Dentro dessa vasta gama, a comunidade acredita que apenas o conteúdo que inclui relacionamentos entre pessoas do mesmo sexo é amplamenteaceito. Comparativamente, as percepções de inclusão sobre diversidade de gênero, bissexualidade, assexualidade e pansexualidade são muito baixas.
Em 2020, muitas comunidades notaram uma mudança significativa no compromisso das marcas com a inclusão por meio de seus esforços de marketing em resposta ao reconhecimento global da injustiça racial e do tratamento dado às comunidades marginalizadas. Apesar disso, grande parte dessa perspectiva deriva de uma base baixa, já que as percepções de inclusão continuam longe de ser 100%, especialmente para grupos com os quais muitas pessoas estão muito menos familiarizadas, como pessoas pansexuais e de gênero fluido. Também é interessante ver como as percepções diferem entre membros da comunidade LGBTQ+ e pessoas que não se identificam como LGBTQ+.
Cerca de metade das lésbicas, por exemplo, acredita que a publicidade é muito pouco inclusiva no que diz respeito ao seu grupo identitário. Comparativamente, dois terços das pessoas que não se identificam como LGBTQ+ acreditam que a publicidade é muito pouco inclusiva em relação às lésbicas. A grande conclusão aqui é que, em muitos casos, as pessoas fora da comunidade LGBTQ+, por estarem menos expostas a anúncios LGBTQ+, muitas vezes percebem que há menos inclusão na publicidade em comparação com as pessoas que se identificam como LGBTQ+.
A diferença é significativa, especialmente para gays e lésbicas. Os dados mostram que alguns públicos LGBTQ+ já percebem os benefícios de conteúdos e publicidade mais inclusivos veiculados nos canais digitais preferidos, que permitem uma segmentação mais precisa, mas os espectadores fora desses canais segmentados nem sempre percebem o progresso. Conteúdos e campanhas inclusivos podem servir às comunidades que representam, bem como a públicos mais amplos.
Globalmente, a comunidade LGBTQ+ nos EUA acredita que a publicidade é mais inclusiva em relação à maioria das orientações sexuais, particularmente aquelas que se identificam como gays, do que em outros países.
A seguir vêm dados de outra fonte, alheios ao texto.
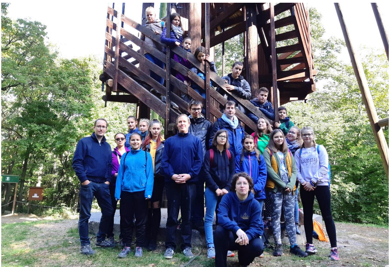
Október közepén gyülekezetünk ifjúságának és idejének egy csoportja együtt kirándult a soproni hegyekben.

Felhasznált irodalom: Payr S.: A soproni ev. egyházközség története., Domonkos Ottó: A soproni evangélikusok perselyládájának olajfestménye a 17.sz. második feléből, Sikabonyi Gálffy Ernő: A Gálffy család története Bp. 1966. Kézirat (Soproni ev. levéltár), Hanzmann K.: Helyzetrajz és adalékok a soproni ev. egyházközség 1900-1950. történetéhez, Tschürz N.: A soproni temetők története 1998. Sírméleki 2006., A soproni ev. gyülekezet évszázadai. Katalógus 2017.

As pessoas no México também têm uma percepção elevada de que as representações de pessoas gays na publicidade são inclusivas. Comparativamente, as percepções são notavelmente mais baixas na França.
Em média, 69% do público LGBTQ+ internacional afirma acreditar que estão sendo feitos esforços para melhorar a inclusão na mídia, mas há mercados em que os consumidores sentem que a inclusão está estagnada ou até mesmo em declínio. Nos nove mercados estudados, 27% de todos os entrevistados acreditam que o nível de inclusão não mudou, enquanto 6% dos entrevistados LGBTQ+ no Canadá e 5% no Brasil percebem uma redução na inclusão nos últimos dois anos. No Brasil, a percepção de inclusão caiu ainda mais entre a população em geral.
Em geral, a percepção da comunidade LGBTQ+ indica que as representações atuais da mídia oferecem uma visão incompleta das identidades e experiências LGBTQ+. No geral, a inclusão está melhorando, mas essa inclusão se concentra principalmente nas identidades gays e lésbicas, deixando muitas outras amplamente sub-representadas.
Além de observarem uma visão incompleta de toda a comunidade, os consumidores pesquisados para nosso estudo internacional sobre percepções da mídia inclusiva LGBTQ+ têm opiniões fortes sobre a necessidade de autenticidade na mídia e o abandono de estereótipos. Em todos os grupos, incluindo aqueles que não se identificam como LGBTQ+, evitar estereótipos é a principal maneira de melhorar a inclusão no conteúdo, seguida de perto pela necessidade de mais autenticidade e realismo.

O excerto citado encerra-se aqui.